ところが、本書を読んでみて反省。やっぱり山本さんは凄かった。


 怪獣に関する物理法則だけでなく、出現する根拠についても、キチンとした説明が用意されていました。

●前提
 世界中で、「怪獣」と呼ばれる特殊生物が突然発生し、人間を攻撃するようになっっています。「怪獣」は、台風や地震、噴火などの自然災害と同じように考えられているため、発生した場合は、気象庁の下部組織である「気象庁特異生物対策部」(略して「気特対(きとくたい)」)が担当します。気特対は自衛隊と連携し、攻撃計画や避難指示などを立案します。また、怪獣の大きさに応じて「MM(モンスター・マグニチュード)」(怪獣の規模)を決定します。

●あらすじ
〇「第一話 緊急!怪獣警報発令」
 小笠原海域で、海上自衛隊の潜水艦と怪獣が接触したとの情報が入ります。怪獣は、全長80~100メートルで、MM8相当。もしくはMM9クラスとも考えられます。上陸すれば被害は甚大です。しかし、「避難指示」を出せば経済活動への影響も大きいため、迂闊に決断することもできません。さらに、マスコミからは「怪獣の固有名」の問い合わせが殺到します。固有名をつけるためには、怪獣の正体がわからないといけません。正体がわからないうちは、その年の何番目に発生した怪獣なのかによって、附番が借り付けされます。その怪獣は、今のところ「怪獣3号」と名付けられました。

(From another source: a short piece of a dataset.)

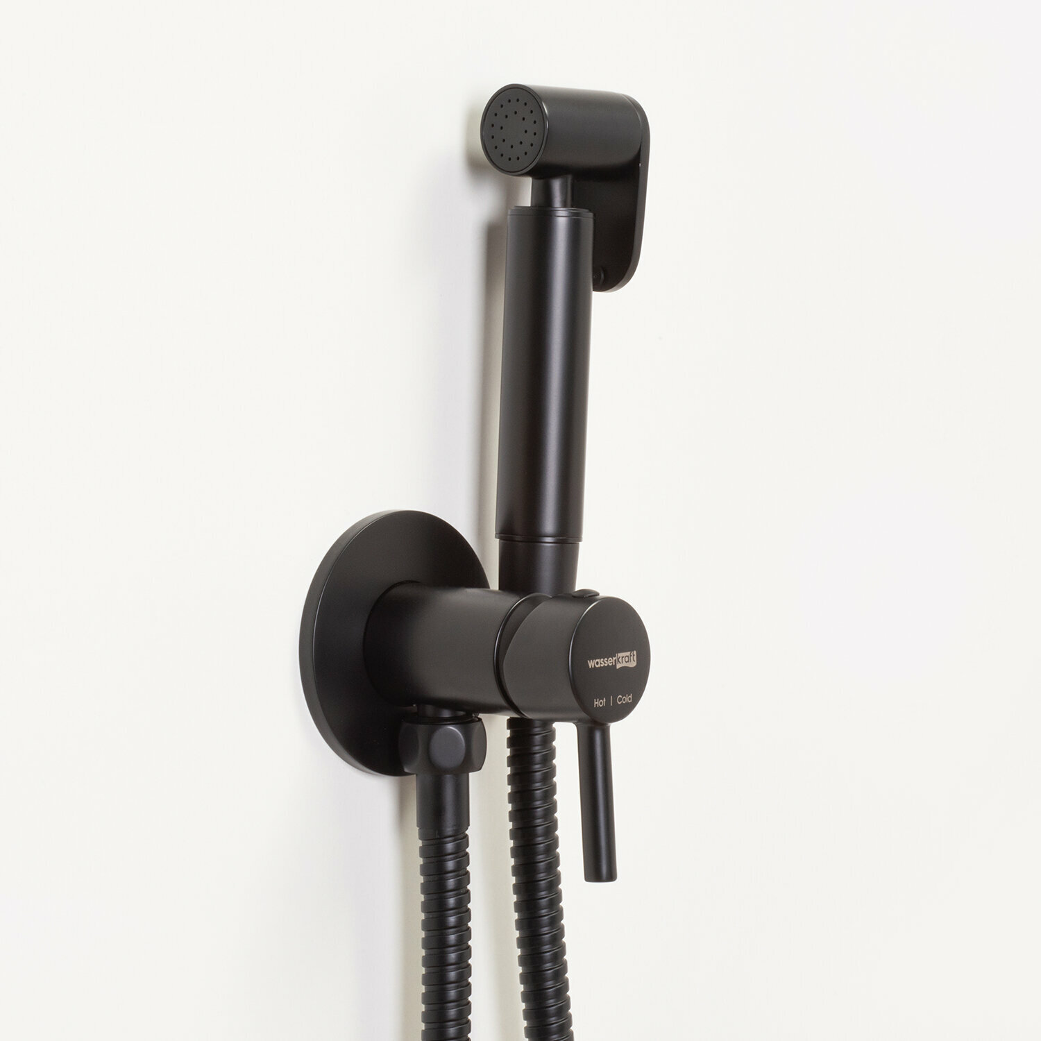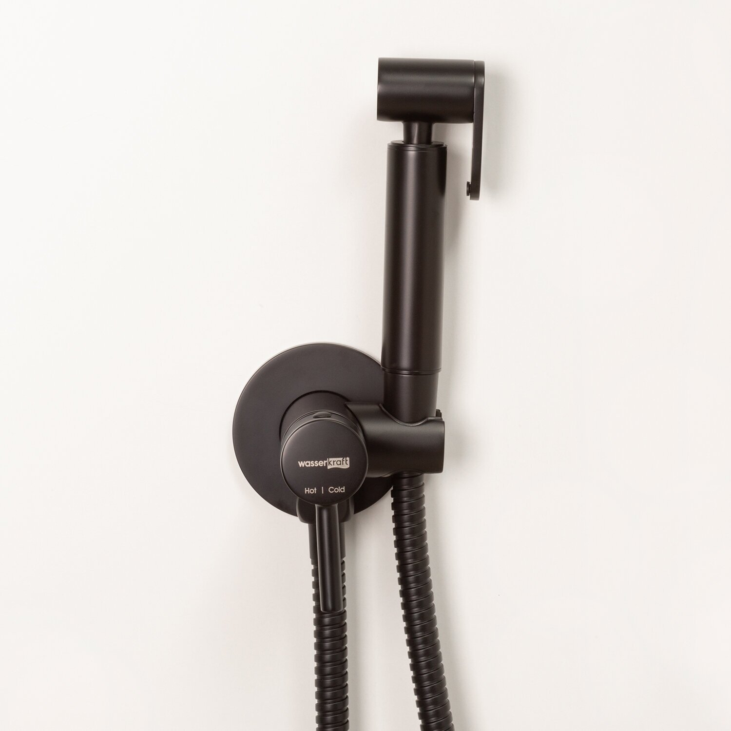 Встраиваемый смеситель для душа с гигиенической лейкой WasserKRAFT A70638 из латуни с покрытием черный Soft-touch

 気特対の面々の調査・分析により、怪獣への対策が決定し、自衛隊と連携した作戦が実行されます。

〇「第二話 危険!少女逃亡中」
 岐阜市に、長い髪の少女が出現します。彼女は10歳くらいで全裸。道端に停めてある自動車を持ち上げて遊んだりしていますが、人間に危害を加えるようすはありません。しかし、身長は20メートル前後であり、これはMM5に相当しそうです。しかし、MM5では攻撃的でなくとも、人間にとって危険であるということで攻撃対象になってしまいます。気特対の藤澤さくら(ふじさわ・さくら:19歳)は、若いながらも抜群のドライビング・テクニックで少女に接近し、調査します。

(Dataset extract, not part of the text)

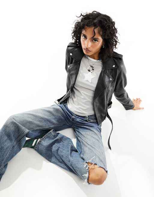 Biker Chic Black Washed Effect Faux Leather Cropped Belted Biker Very well made.

 少女の動きや行動を観察し「多重人間原理」という考えが示されます。

 これは、怪獣が自重で潰れてしまわないのは何故なのかを説明するものです。体の大きさが2倍になれば、怪獣自身が感じるタイムスケールは1/2となるという理論です。また、それに合わせて、重力や光の感じ方も変化しているため、体を維持できるというものです。

 少女は、「ヒメ」と命名されますが、藤澤さくらは彼女が危険とは思えません。ヒメが感じているタイムスケールが、自分たちより遅いのであれば、「ゆっくり会話すれば、意思疎通ができるのではないか」と考え、彼女に単独で接触します。

 さくらとヒメが心を通わせているとき、彼女に近づいた民間人を守るため、自衛隊が彼女に発砲してしまいます。絶望するさくら。ところが、「ヒメ」の倒れたところには、巨大なクレーターがあり、中心には、普通サイズの少女が横たわっていました。

 無害と認定された「ヒメ」は、気特対の研究施設で保護観察されることとなるのですが、「ヒメ」の存在を見つめる不気味な存在があるのでした。(←ここが、第五話への伏線です。)

〇「第三話 脅威!非公開中襲来」
 翼竜型怪獣(MM1~2相当)が、新潟県の上空で目撃されます。

 気特対の灰田涼(はいだ・りょう)は、非番でデート中にニュースでそのことを知ります。相手は映子という、かなりの美人ですが、国立科学博物館の研究員で、妖怪好きという変わり者。

 灰田は、事件は勤務中の他の職員に一任しようと思いますが、続報が入るにつれ青ざめます。怪獣は小型ではあるものの、どうやら放射能を帯びているようです。また怪獣は、デート中の映子が勤務している国立科学博物館を目指して飛行しているようなのです。
 灰田は映子に事情を話し、共に博物館に向かうのでした。

〇「第四話 密着!気特対24時」
 とかく世間の評判が芳しくない気特対ですが、世間の評判を払拭し、怪獣対策への理解を深めるため、TVの特別番組の制作に協力します。気特対の活躍を紹介するとともに、怪獣がなぜ出現するのかといったことについても説明されます。

 宇宙や物理法則がなぜこうなのかというのは、人間の自意識が発生し、宇宙に影響を与えたから、ということです。人間が存在し、意識を持ったことによって、過去の地球や物理法則が、「人間中心」にできあがっていったのです。

 一方で、過去に存在していた神話宇宙に生きていた巨人や神々、怪獣などは、「神話」としてフィクション化され、「実際には存在しないこと」になり、妖精や魔法、妖怪などは存在できなくなり、いなくなってしまったのです。

 しかし、異なる物理法則に則った存在である「怪獣」の出現を、人類が再び「認識」することで、存在が可能になったのです。

 怪獣が出現する状況というのは、異なる物理法則が併存している状態なわけです。

〇「第五部 出現!黙示録大怪獣」
 これまで「怪獣」の出現理由や、ユニークな怪獣シリーズなどが語られてきましたが、それだけで延々話が続くのだとしたら、往年の特撮ドラマ「ウルトラQ」と変わらないです。まさにそう思っていたところにこの展開。
 「怪獣」を蘇らせていたものの正体が明らかになります。「巨大怪獣」の出現に対し気特対の総力戦が始まります。そこに、第二話に登場した「ヒメ」が、実は古代の日本神話に関係した存在であることが明らかになります。

 

 本作は、ちゃんとSFしている作品で安心しました。

 続編の『MM9―invasion―』では、ヒメのさらなる活躍が描かれています。

 

 山本先生のご冥福をお祈りいたします。